Towards a unification of strengths

Yesterday's item about FreeBSD drew a number of responses pointing out that the FreeBSD ports collection, and associated package tools, are comprehensive and convenient. To clarify: I was unable to use these because I'm operating in user space on this particular box, not as root. In that case, as pkg_add says, "You're on your own!"

catdog As sometimes happens in these rambling blog entries, I found my real point at the end. That Linux makes user-space installation of software easier for people on hosted boxes, as compared to FreeBSD or alternatives, is interesting if you're using a hosted box. What really intrigues me, though, is the odd Windows/Unix culture clash we have here, and it runs in both directions.

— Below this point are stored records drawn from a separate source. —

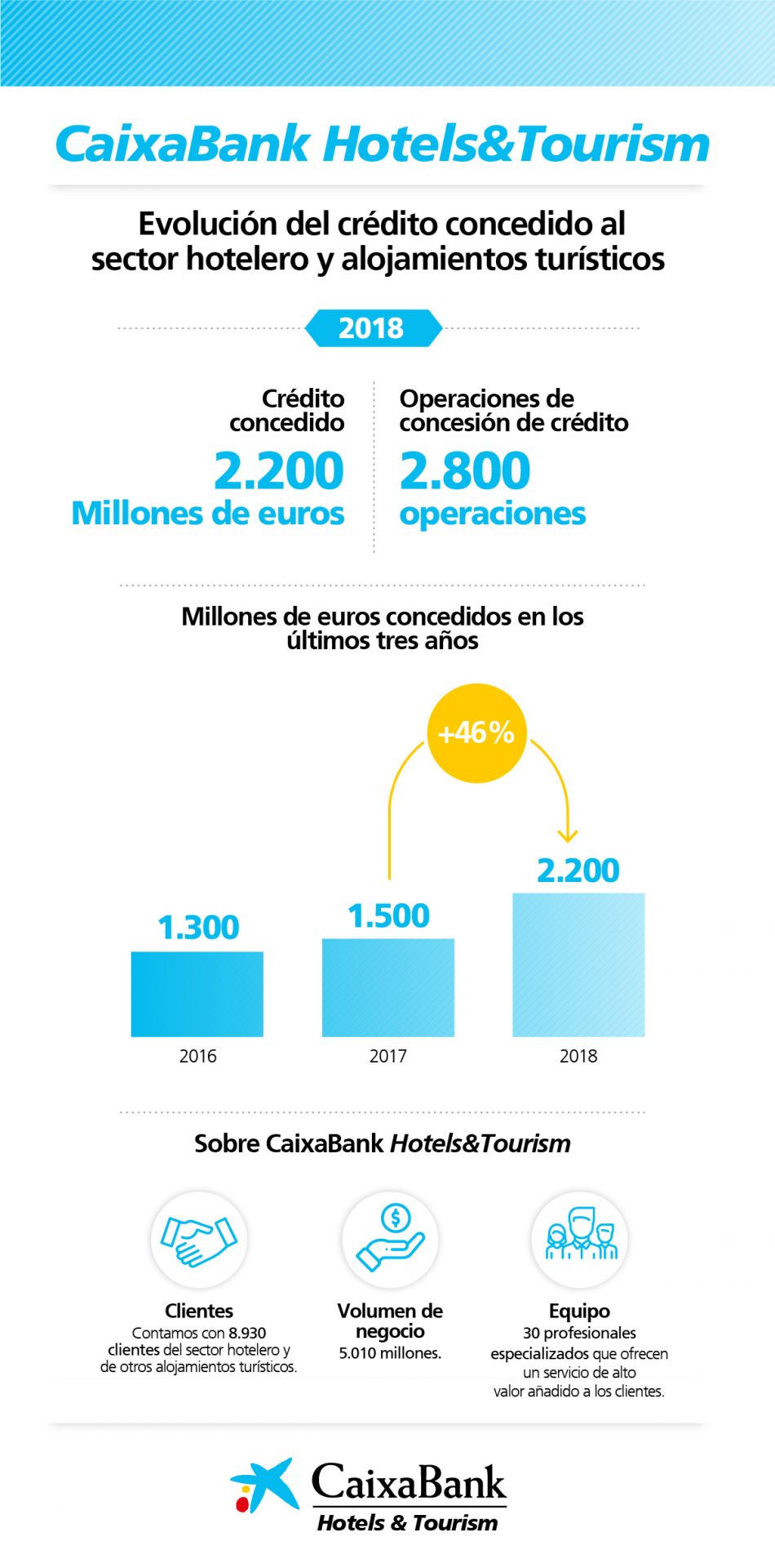 Solo en 2018, CaixaBank Hotels&Tourism concedió un total de 2.200 millones de euros en crédito al sector hotelero y de otros alojamientos turísticos, a través de un total de 2.800 operaciones. En este sentido, aumentó el crédito concedido un 46% respecto a 2017, cuando sumó 1.500 millones de euros. Con estos resultados, la entidad ha superado ampliamente el objetivo establecido a principios de 2018 de crecer el 20%.
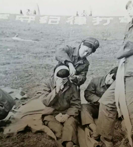 浦秀娟為受傷戰友包扎傷口
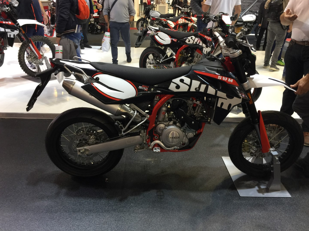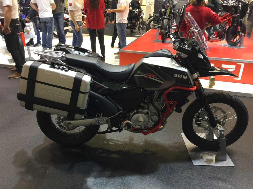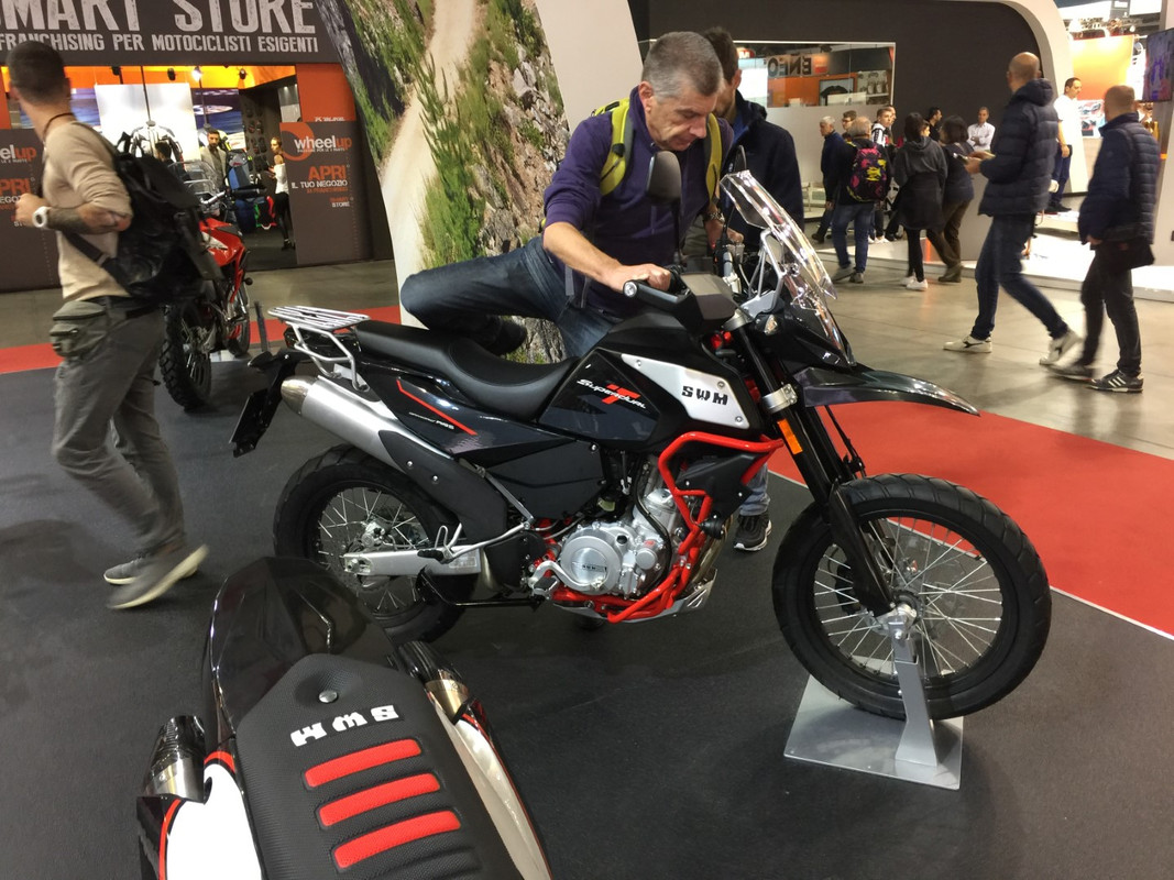 Aproveito o topico para largar umas fotos da Eicma... a gama da SWM é vasta embora com particular tendencia para as trails /cross e motos do tipo supermoto e onde tambem me parece que andam a "catrapiscar" umas nakeds
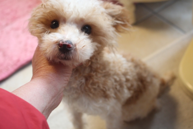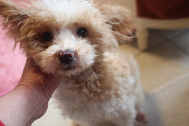 | コメント | とても大人しく元気な子です。 欠点はありませんが、まだ鼻の1分が薄い所あります。 段々鼻の薄いのが気にならなくなりました。 12月6日現在2.1kgほぼ体重は確定しています。 12月6日の画像に入れ替えました。 毛は綺麗に巻いています。 毛の手入れ不足で、短く刈ってもらいました。 これから短い毛も、すぐふさふさに、なってきます。 |
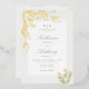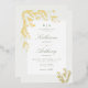 Un élégant modèle classique d'invitation au mariage d'hiver moderne avec des botaniques d'hiver délicats dessinés à la main - des branches d'orteils - avec une couverture en feuille d'or (véritable feuille !), avec de la calligraphie pour les noms, sur un arrière - plan vert pâle et mistletoe. Ethérée, romantique et élégante, elle plaira à la mariée et au marié moderne qui sont romantiques au coeur et comme des modèles formels et traditionnels mis à jour.
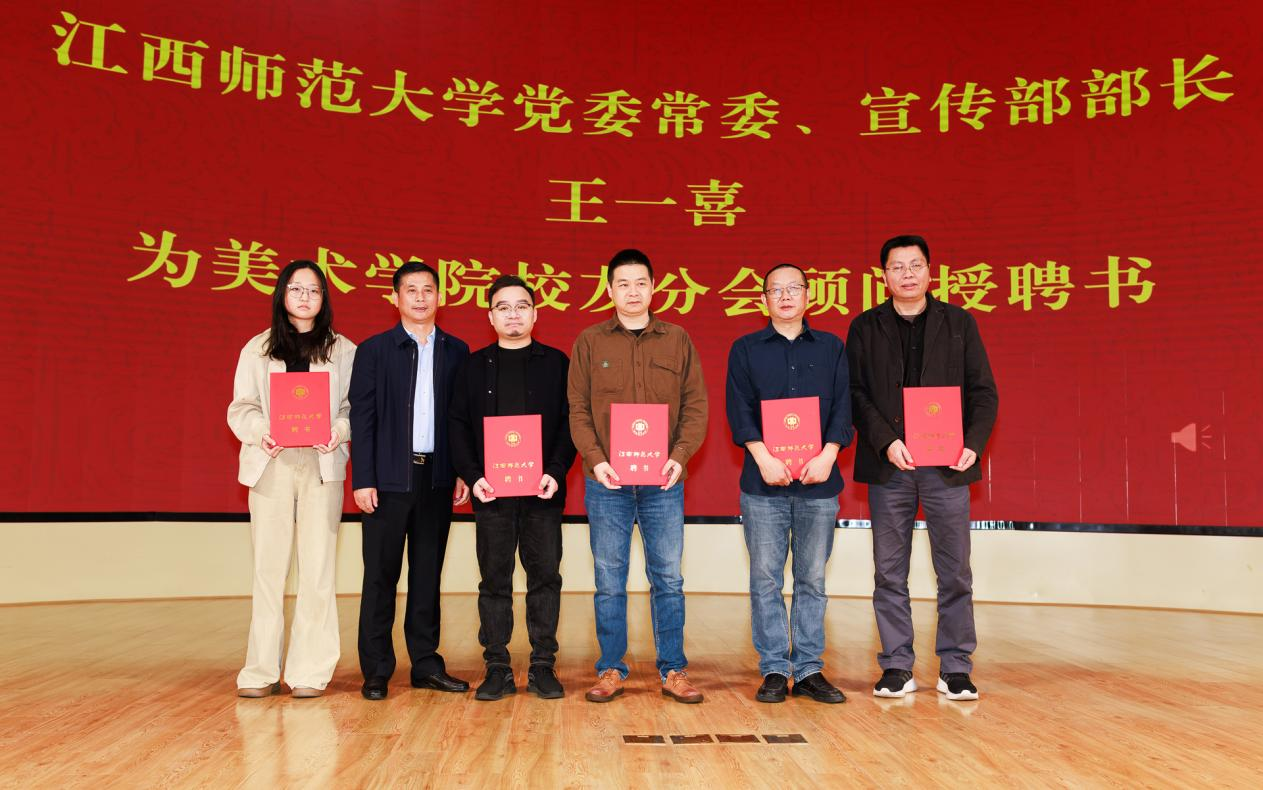 校友办主任、校友总会秘书长许靓静宣读“中正大学 — 江西师范大学校友会美术学院分会” 批复函,并宣布理事会名单。随后,杨卫军为美术学院校友分会当选会长张鉴瑞颁发聘书,王一喜为美术学院校友分会顾问杨震、封治国、王向阳及王汇文颁发聘书;张鉴瑞为当选副会长、秘书长、副秘书长、常务理事、理事颁发聘书。
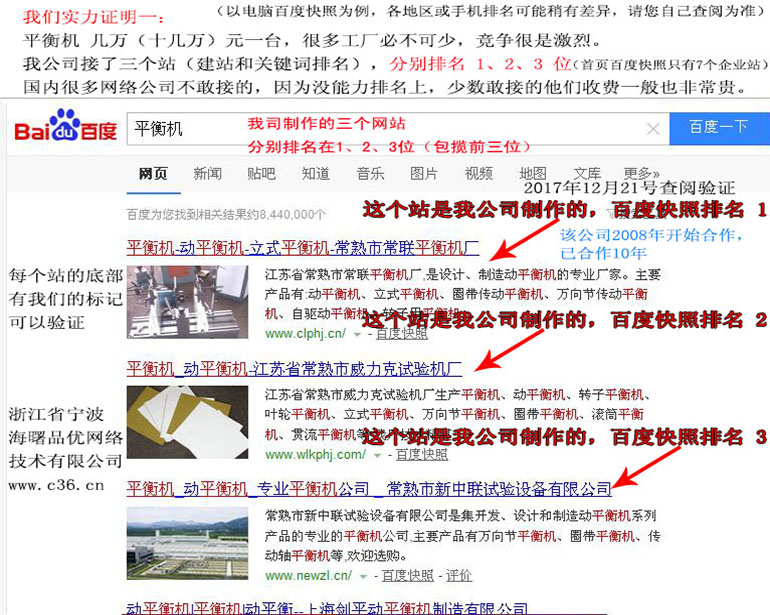 平衡機 : 2018-05-23上線 2018-06-08排名第5頁 2018-07-01排名第30名 2018-08-15排名第11名 2018-08-26排名第7名 (注:平衡機一臺需要幾萬到10多萬元, 是難排名的關鍵詞,百度重點關照,因百度推廣的話,大概要60元一點擊)
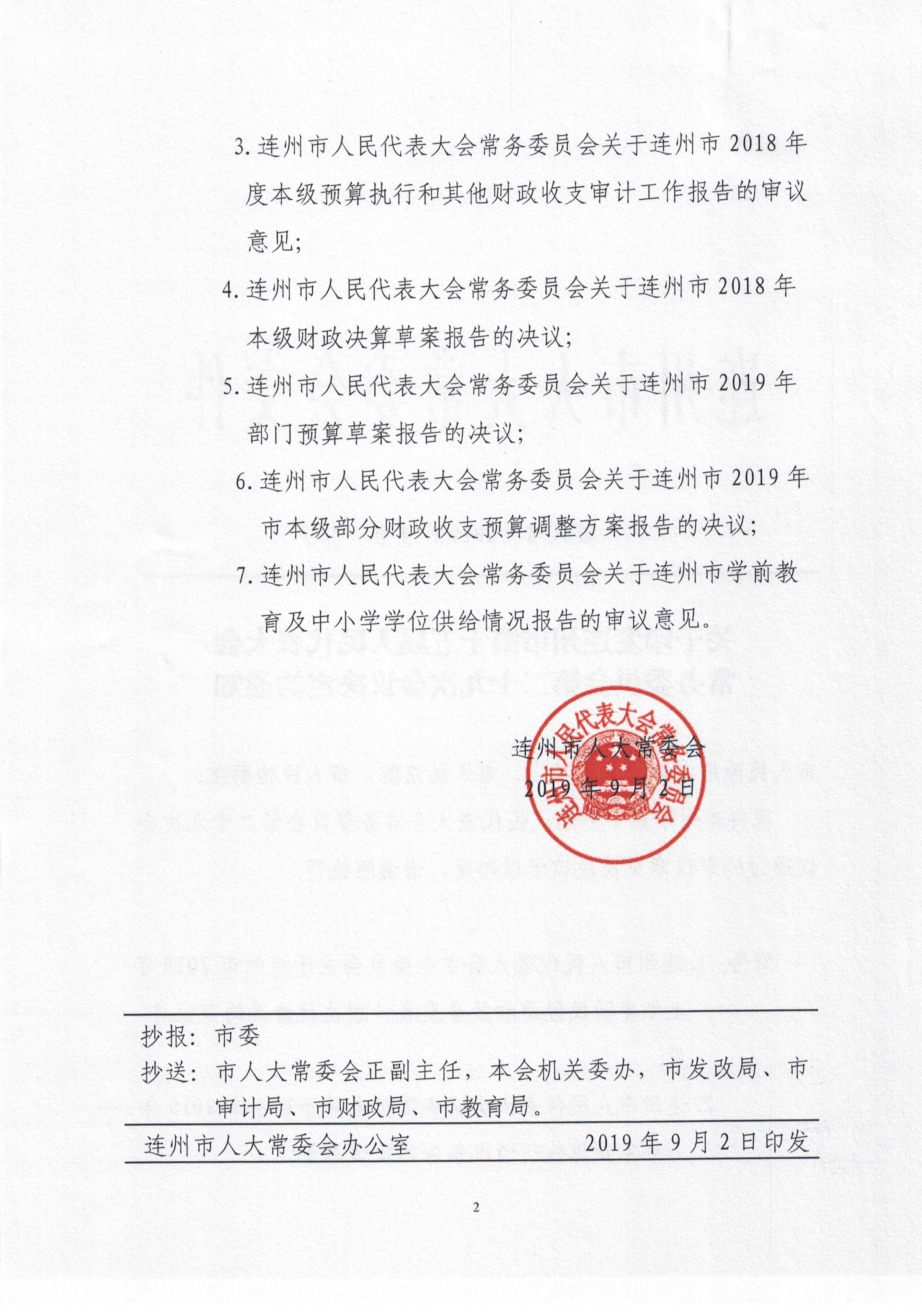 連州市2018年本級財政決算草案決議

It becomes clearer to me every day that running XML transformations in series is the modern incarnation of the venerable Unix pipeline, a philosophy that's baked into the platform. But although you're never in doubt of finding ls or awk on a box, xslt isn't there by default, and getting hold of it is a crapshoot.

Meanwhile, over on Windows, the xslt component is standard, but the pipeline philosophy is not well supported. For example, you have to hunt around to find msxsl.exe, the command-line wrapper for the XSLT engine. I get tremendous mileage out of it, but I'll bet I'm part of a small minority who do.

Allie Rogers is CTO of Triple Point Technology; I interviewed him for a recent J2EE story. He writes:

Hear hear! I go through this all the time and loath it.

However, while I agree with your "it's already in the box" plea for Windows, that platform has its own share of similar frustrations, including the lack of a proper shell in which to script, hack, run daemons, etc. Everytime I'm forced to do something like your project, Windows is convenient, but also unsatisfying for a different set of reasons. My dream is that Mac OS X eventually gets it all just right.

That'd be sweet. After all these years, the Unix and Windows cultures are still profoundly unaware of one another's strengths. Maybe an outside perspective can finally unify those strengths.